Not applicable/Not provided. No "ground truth" in the sense of expert consensus on clinical findings is discussed. The assessment is primarily based on comparing the physical and functional characteristics of the DeRoyal mattress to a known, legally marketed predicate device.

4. Adjudication method (e.g. 2+1, 3+1, none) for the test set:

Not applicable/None mentioned. There's no indication of an adjudication process for a test set.
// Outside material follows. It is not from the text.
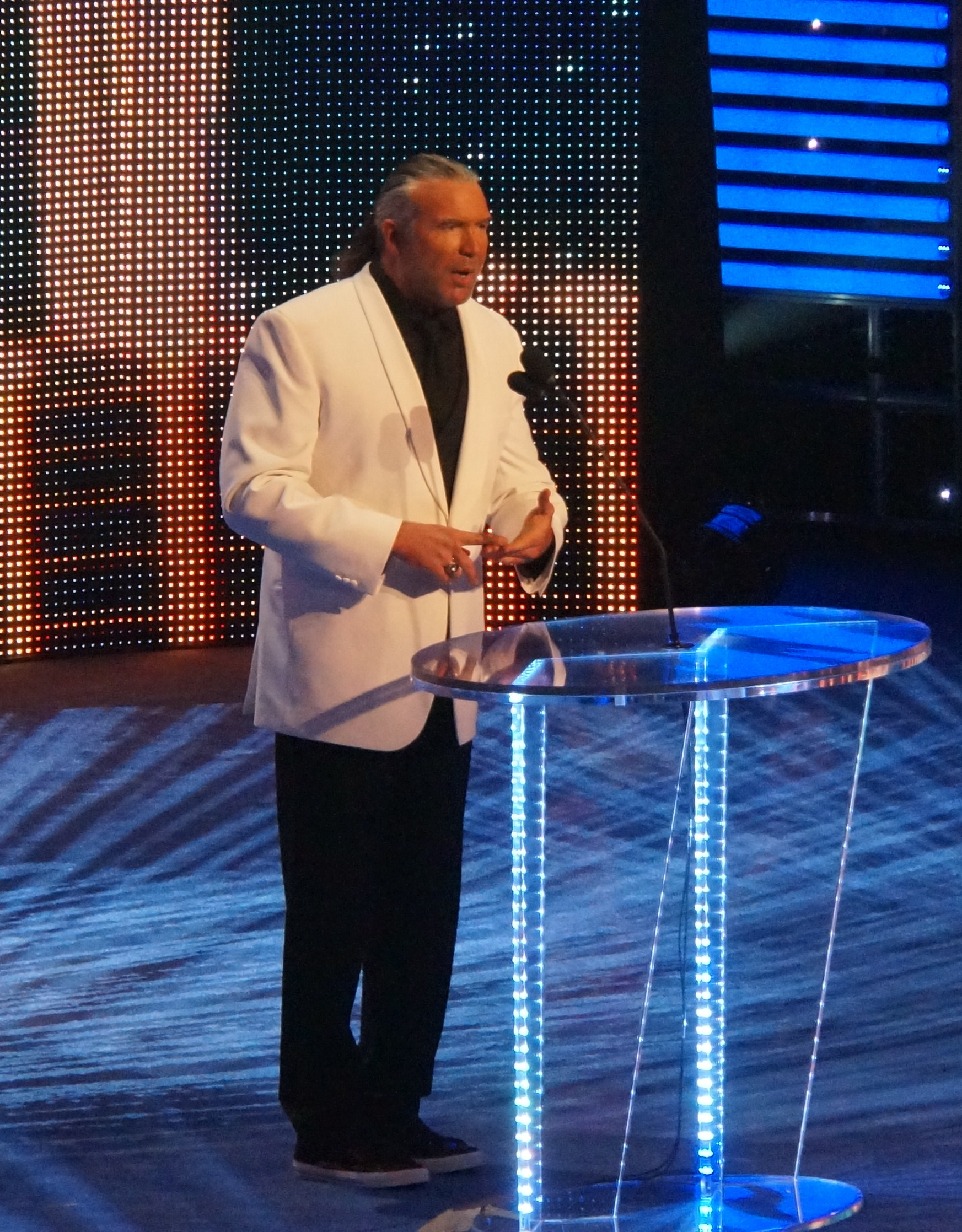 Razor Ramon (Scott Hall) was inducted into the WWE Hall of Fame on 5 April 2014.

The review process is by the FDA, determining substantial equivalence.

5. If a multi reader multi case (MRMC) comparative effectiveness study was done, If so, what was the effect size of how much human readers improve with AI vs without AI assistance:

Not applicable. This device is an infant transport mattress, not an AI-powered diagnostic tool. MRMC studies are used for assessing diagnostic performance, typically for imaging devices with human reader involvement.

6. If a standalone (i.e. algorithm only without human-in-the-loop performance) was done:

Not applicable. This device is a physical product for warmth, not an algorithm.

7. The type of ground truth used (expert consensus, pathology, outcomes data, etc):

Implicitly, the performance of the legally marketed predicate device. For a 510(k) submission like this, "ground truth" for demonstrating safety and effectiveness often comes from the established performance and safety record of the predicate device. The DeRoyal device aims to show it is at least as safe and effective as the predicate, not necessarily to establish new clinical efficacy against a "true" medical condition outcome.

8. The sample size for the training set:

Not applicable/Not provided. There is no "training set" as this is not an AI/machine learning device. The design and materials are based on existing technology and knowledge.

9. How the ground truth for the training set was established:

Not applicable/Not provided. No training set exists for this type of device and submission.

In summary:

The provided document details a 510(k) submission for a simple medical device. The "study" referenced is the comparison of the DeRoyal Infant Transport Mattress to a legally marketed predicate device (Prism Technologies). The "acceptance criteria" are implicitly that the DeRoyal device must be substantially equivalent to the predicate in terms of materials, design, intended use, and performance characteristics (like achieving a similar therapeutic temperature). Since this is a comparison for substantial equivalence, formal clinical trials with extensive test sets, expert ground truth establishment, or AI-specific studies are not typically part of such a submission. The FDA's letter confirms that based on the provided information, the device was deemed substantially equivalent.